May 2022
Bio Note: In March I started working as senior education reporter for NJ.com/The Star-Ledger, where I look forward to visiting schools and letting out my inner extrovert, which has been housebound since 2008 when I started working from home. My poetry books include The Opposite of Babel, from Jacar Press, which came out in March.
The Stilling
“…global wind speeds have decreased by some 5 to 15 percent over the last three decades, and are expected to decrease another 15 percent in the coming century.” – from “The Forgotten Part of Climate: Slower Winds,” Conservation Magazine I loved an island so windy the butterflies evolved away their wings so as not to be blown out to sea—there is such a place. The wind, bulk movement of air, left windthrow (uprooted trees) or windsnap (broken boles), flinging leaves across the street like swift lemmings, squalling them in a dawdle of hopping toads. Ellensburg wind could blow ticks off a tomcat. Sequoias survived gusts by interlocking shallow roots.
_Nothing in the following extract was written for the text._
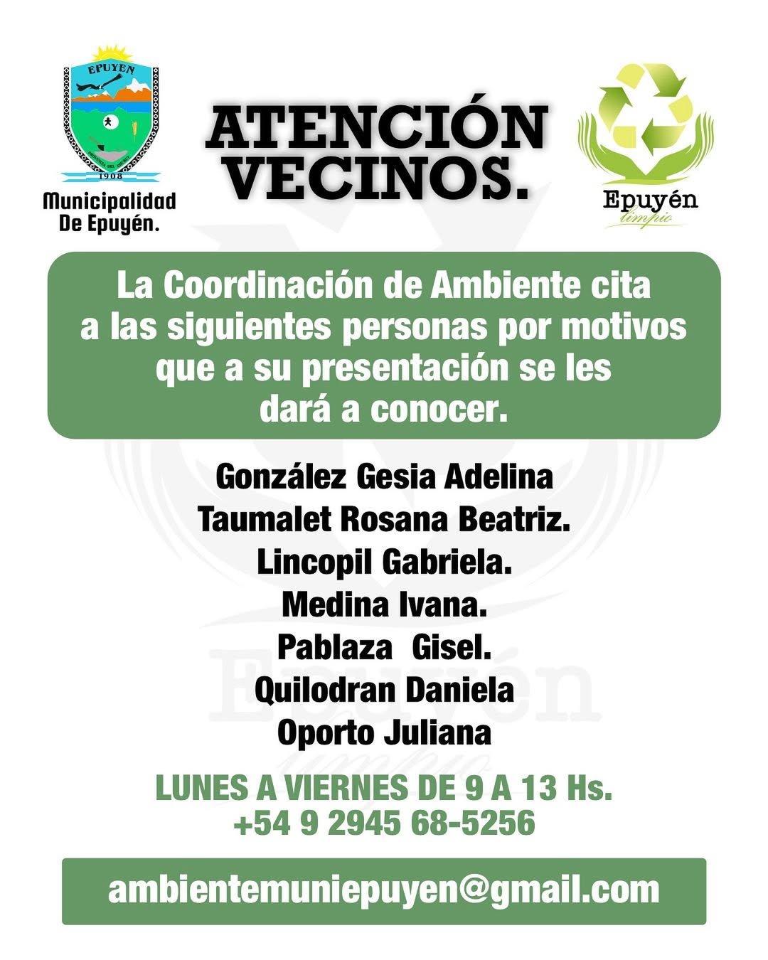 🔸 La Coordinación de Ambiente de la Municipalidad de Epuyén cita a las siguientes personas, por motivos que a su presentación se les dará a conocer.
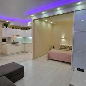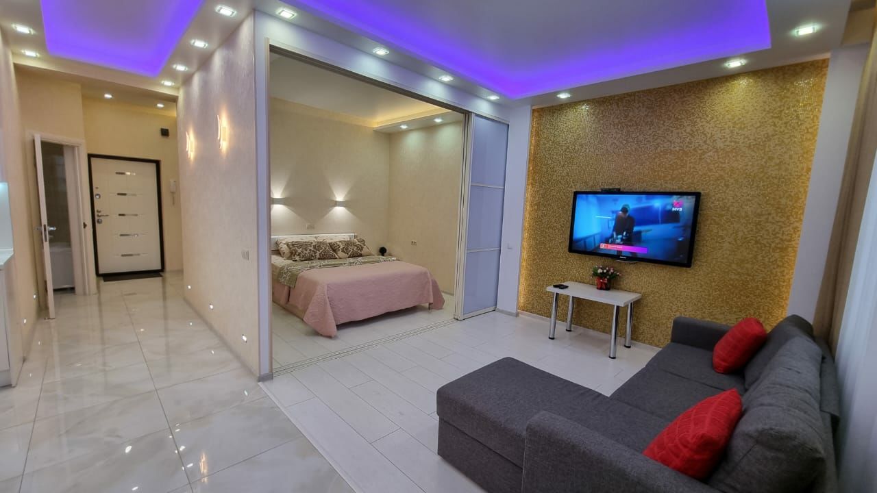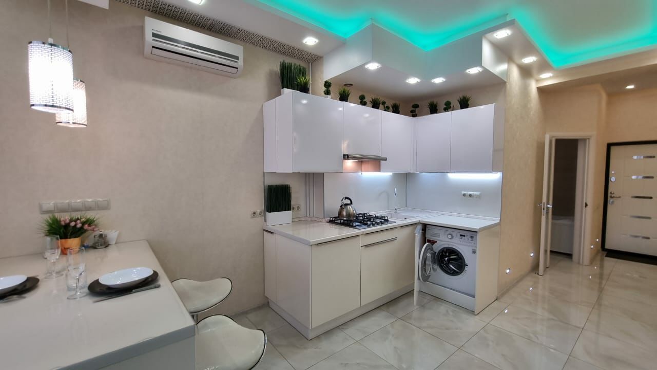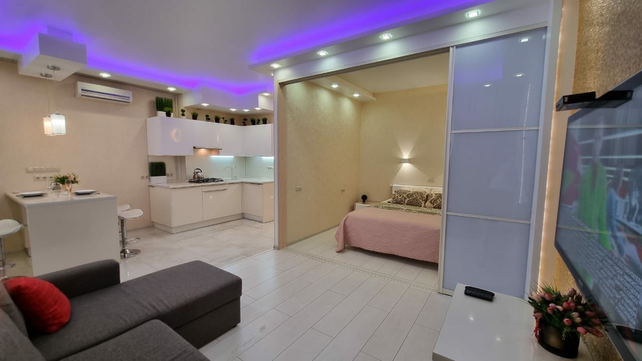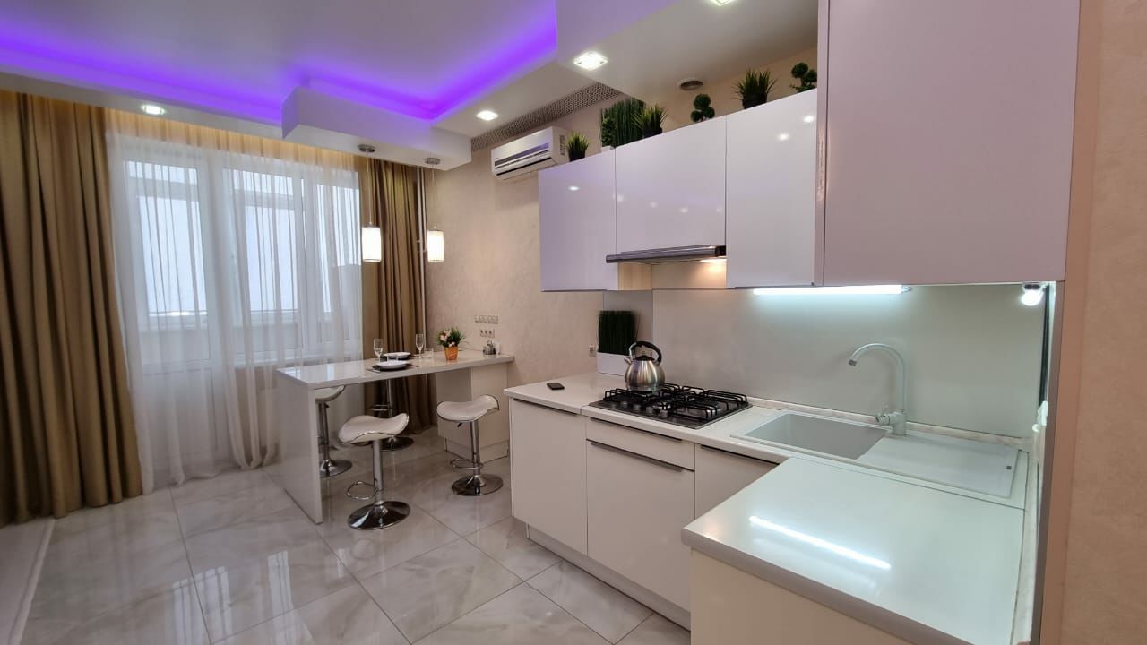 Шикарная квартира с дайнерским евроремонтом, мебелью и всей необходимой бытовой техникой в новом доме. Двухуровневые потолки с подсветкой, встроенная кухня, вся мебель новая. Спальные места: большая двуспальная кровать и раскладной двуспальный диван. К Вашим услугам безлимитный интернет WI FI, СВЧ, варочная панель, холодильник, вся необходимая кухонная посуда, стиральная машина-автомат, сушка для белья, фен, утюг и т.д.

Adosculation is wind-pollination—sex without contact, the embrace of a stiff breeze at the beach, refreshing— whereby randy mares “conceive of the wind, like hens” who lay “wind eggs,” addled, without shells, said scientists in AD 70. Windmills became sacraments: “electricity, they say, is a disembodied idea, like faith, that exists only by its expression.” Before the birth of wind, Eurynome rose up from chaos, divided water from sky, leaving skirls and gusts. Wind, growing from pirouettes, now somehow dying. Even wind at a mile an hour, a quarter of my speed: better than the emptiness of the sax never played, the wingless butterfly, walking, with nothing to do.